I know how to derive the column averages, but I don't know how to effectively do the remaining operations. There is an order function, but when I used it, it stripped my column names, which I need. I could easily then cut the 1st say 10 columns, but is there a way that preserves the names? I don't think I can easily extract the names from the unordered original dataframe and apply it with my sorted by aggregate dataframe.
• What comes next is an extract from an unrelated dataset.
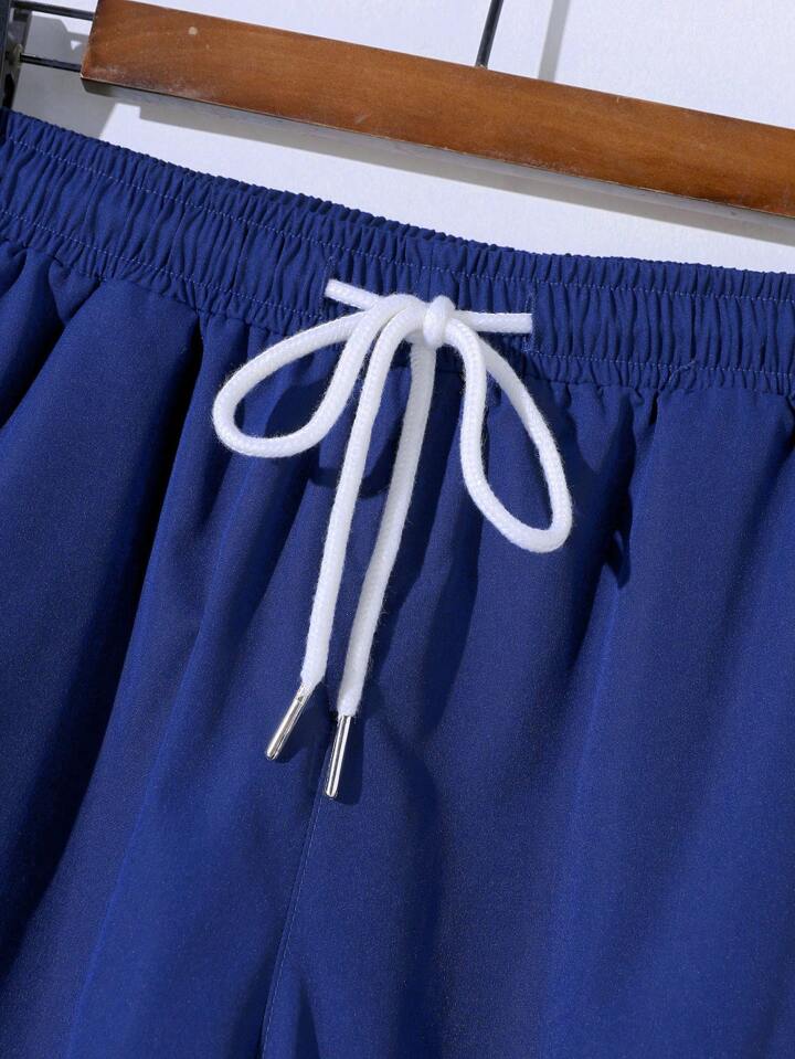 Hombres con estampado de letra de dos tonos Camisa & de cintura con cordón Shorts sin camiseta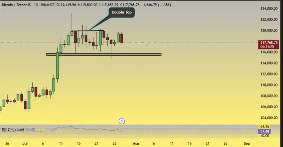 ⚠️ Potensi double top sedang berkembang di dekat 120.000—sebuah tanda kemungkinan resistensi. Jika BTC gagal menembus level ini, kita mungkin melihat penarikan jangka pendek menuju dukungan yang lebih rendah.

My goal is to extract the column names of the top n columns (in dataframe RaM) in terms of a column aggregate function over the entire dataframe.
something like
top10 <- getTop10ColumnNames(colSums(RaM))
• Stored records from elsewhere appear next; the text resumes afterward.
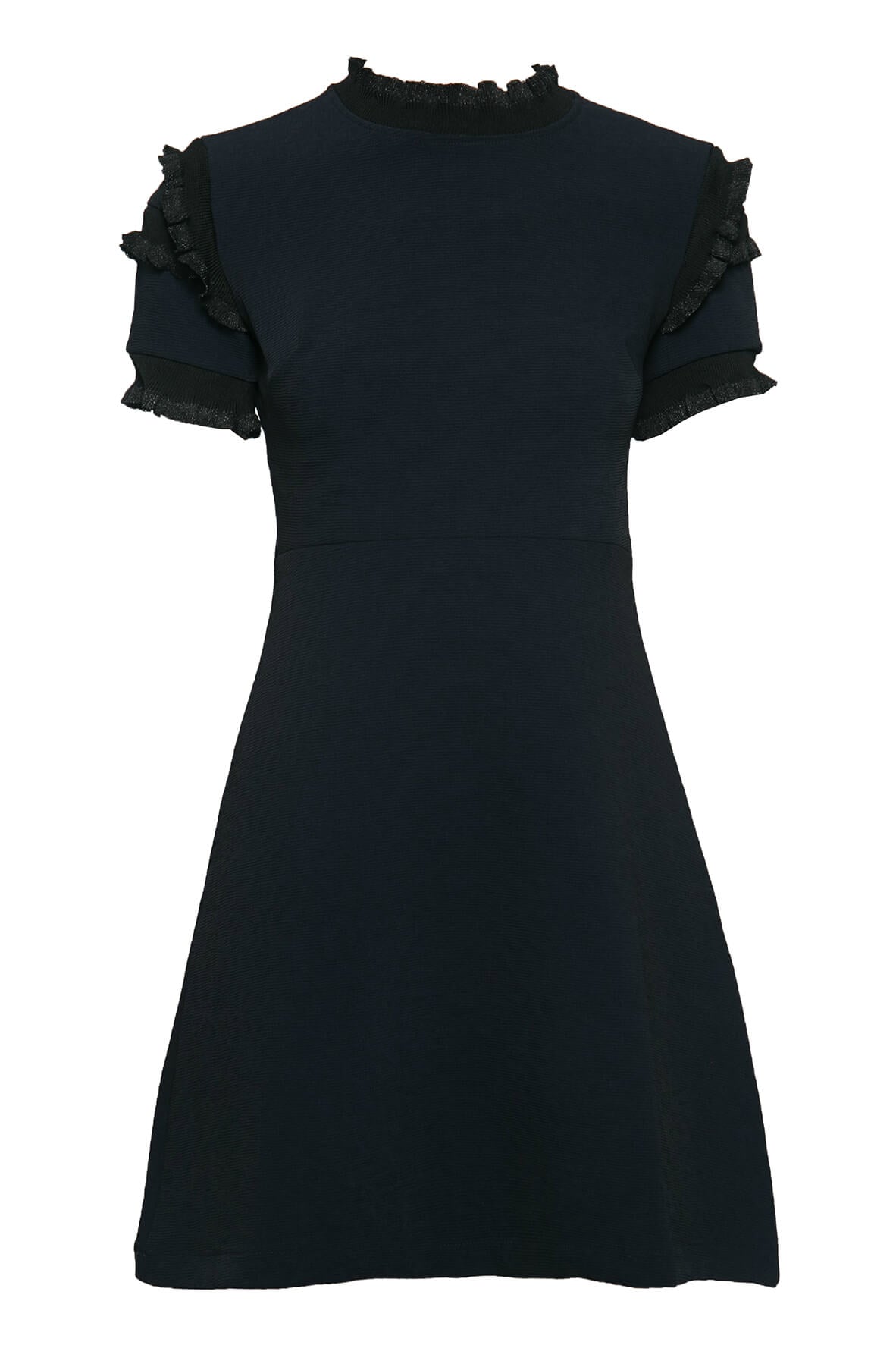 Add some charm to your look with the pretty and playful metallic frills of this black mini dress by Few Moda that features high neckline.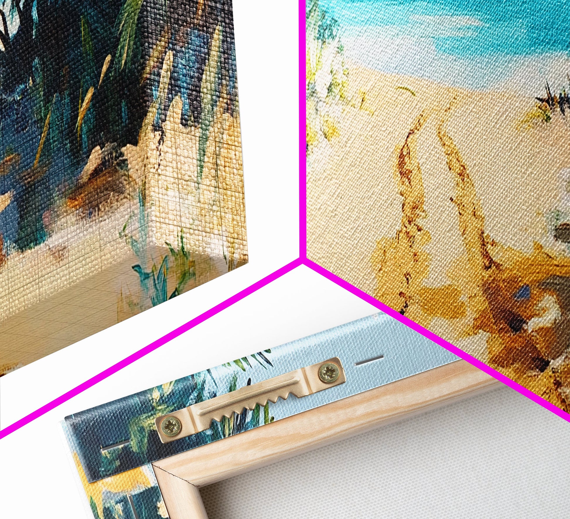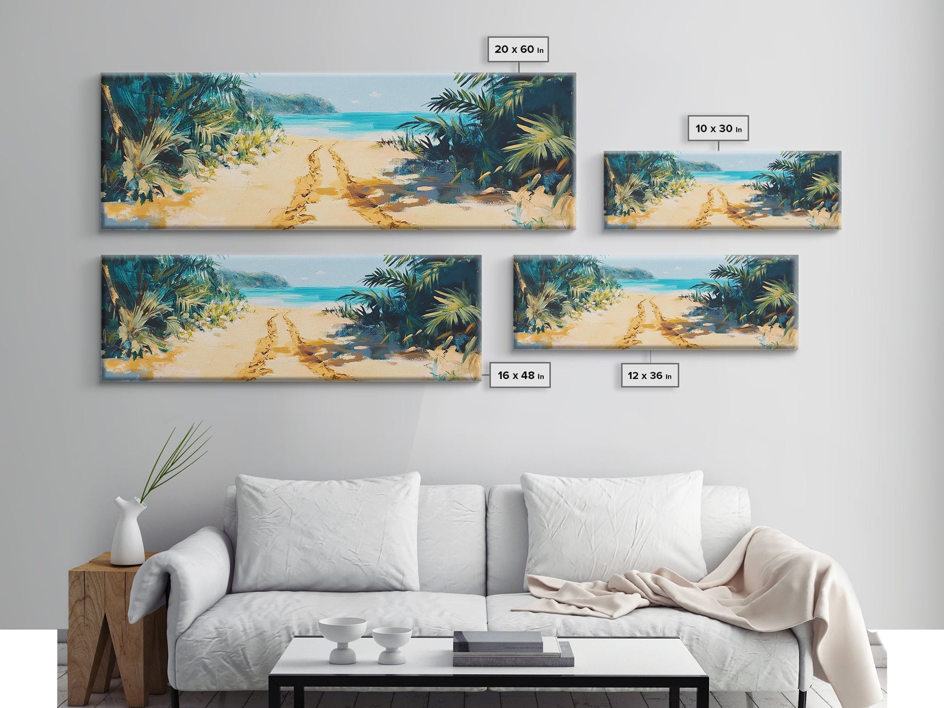 Tropical Beach Path, Palm Tree Art, Ocean Painting, Coastal Wall Decor, Relaxing Retreat Art, Home Print, Framed Canvas Print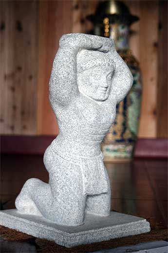 A beautiful Hawaii deva-bhuta-Menehune carved in India for the holding the Gomugai or water spout of Iraivan Temple.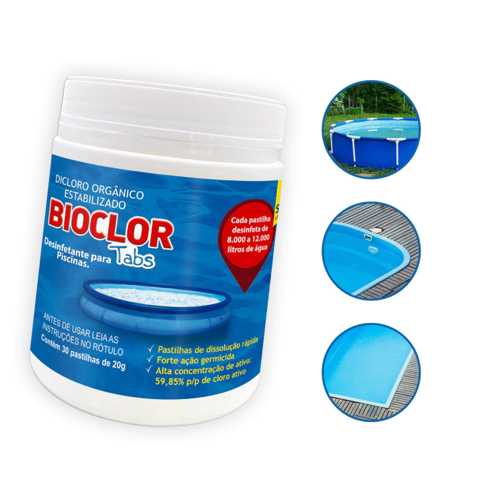 À base de Dicloro Orgânico Estabilizado, Bioclor Tabs foi desenvolvido para o tratamento rápido e prático da água de piscinas plásticas, infláveis, desmontáveis, ofurôs e banheiras. Mesmo com a renovação frequente, esses ambientes exigem cuidados para evitar a proliferação de bactérias. O produto age contra contaminantes causados pelo uso e pela presença de matéria orgânica eliminada pelo corpo humano. Garantia de higiene e segurança para toda a família.

that would then output a dataframe of the top 10 columns in terms of their sum from RaM
Here's output off RaM
> head(RaM,2)
ABMD ACAD ALGN ALNY ANIP ASCMA AVGO CALD CLVS CORT
2013-01-31 0.03794643 0.296774194 0.13009009 0.32219178 0.13008130 0.02857604 0.13014640 -0.07929515 0.23375000 0.5174825
2013-02-28 0.14982079 0.006633499 0.00255102 -0.01823456 -0.05755396 0.07659708 -0.04333138 0.04066986 -0.04457953 -0.2465438
CPST EA EGY EXEL FCSC FOLD GNC GTT HEAR HK HZNP
2013-01-31 -0.05269663 0.08333333 -0.01849711 0.01969365 0 0.4179104 0.07992677 0.250000000 0.2017417 0.10404624 -0.085836910
2013-02-28 0.15051595 0.11443102 -0.04475854 -0.02145923 0 -0.2947368 0.14079036 0.002857143 0.4239130 -0.07068063 -0.009389671
ICON IMI IMMU INFI INSY KEG LGND LQDT MCF MU
2013-01-31 0.07750896 0.05393258 -0.01027397 -0.01571429 -0.05806459 0.16978417 -0.03085824 -0.22001958 0.01345609 0.1924290
2013-02-28 -0.01746362 0.03091684 -0.20415225 0.19854862 0.36849503 0.05535055 0.02189055 0.06840289 -0.09713487 0.1078042
NBIX NFLX NVDA OREX PFPT PQ PRTA PTX RAS REXX RTRX
2013-01-31 0.2112299 0.7846467 0.00000000 0.08950306 0.06823721 0.03838384 -0.1800819 0.04387097 0.23852335 0.008448541 0.34328358
2013-02-28 0.1677704 0.1382251 0.03888981 0.04020979 0.06311787 -0.25291829 0.0266223 -0.26328801 0.05079882 0.026656512 -0.02222222
SDRL SHOS SSI STMP TAL TREE TSLA TTWO UVE VICL
2013-01-31 0.07826093 0.2023956 -0.07788381 0.07103175 -0.14166875 -0.030504714 0.10746974 0.1053588 0.0365299 0.2302405
2013-02-28 -0.07585546 0.1384419 0.08052150 -0.09633197 0.08009728 -0.002860412 -0.07144761 0.2029581 -0.0330408 -0.1061453
VSI VVUS WLB
2013-01-31 0.06485356 -0.0976155 0.07494647
2013-02-28 -0.13965291 -0.1156069 0.04581673
Here's one way using the first section of your sample data to illustrate. You can gather up all the columns so that we can do summary calculations more easily, calculate all the summaries by group that you want, and then sort with arrange. Here I ordered with the highest sums first, but you could do whatever order you wanted.
library(tidyverse)
ram <- read_table2(
"ABMD ACAD ALGN ALNY ANIP ASCMA AVGO CALD CLVS CORT
0.03794643 0.296774194 0.13009009 0.32219178 0.13008130 0.02857604 0.13014640 -0.07929515 0.23375000 0.5174825
0.14982079 0.006633499 0.00255102 -0.01823456 -0.05755396 0.07659708 -0.04333138 0.04066986 -0.04457953 -0.2465438"
)
summary <- ram %>%
gather(colname, value) %>%
group_by(colname) %>%
summarise_at(.vars = vars(value), .funs = funs(mean = mean, sum = sum, max = max)) %>%
arrange(desc(sum))
summary
#> # A tibble: 10 x 4
#> colname mean sum max
#> <chr> <dbl> <dbl> <dbl>
#> 1 ALNY 0.152 0.304 0.322
#> 2 ACAD 0.152 0.303 0.297
#> 3 CORT 0.135 0.271 0.517
#> 4 CLVS 0.0946 0.189 0.234
#> 5 ABMD 0.0939 0.188 0.150
#> 6 ALGN 0.0663 0.133 0.130
#> 7 ASCMA 0.0526 0.105 0.0766
#> 8 AVGO 0.0434 0.0868 0.130
#> 9 ANIP 0.0363 0.0725 0.130
#> 10 CALD -0.0193 -0.0386 0.0407
If you then want to reorder your original data frame, you can get the order from this summary output and index with it:
ram[summary$colname]
#> # A tibble: 2 x 10
#> ALNY ACAD CORT CLVS ABMD ALGN ASCMA AVGO ANIP
#> <dbl> <dbl> <dbl> <dbl> <dbl> <dbl> <dbl> <dbl> <dbl>
#> 1 0.322 0.297 0.517 0.234 0.0379 0.130 0.0286 0.130 0.130
#> 2 -0.0182 0.00663 -0.247 -0.0446 0.150 0.00255 0.0766 -0.0433 -0.0576
#> # ... with 1 more variable: CALD <dbl>
Created on 2018-08-01 by the reprex package (v0.2.0).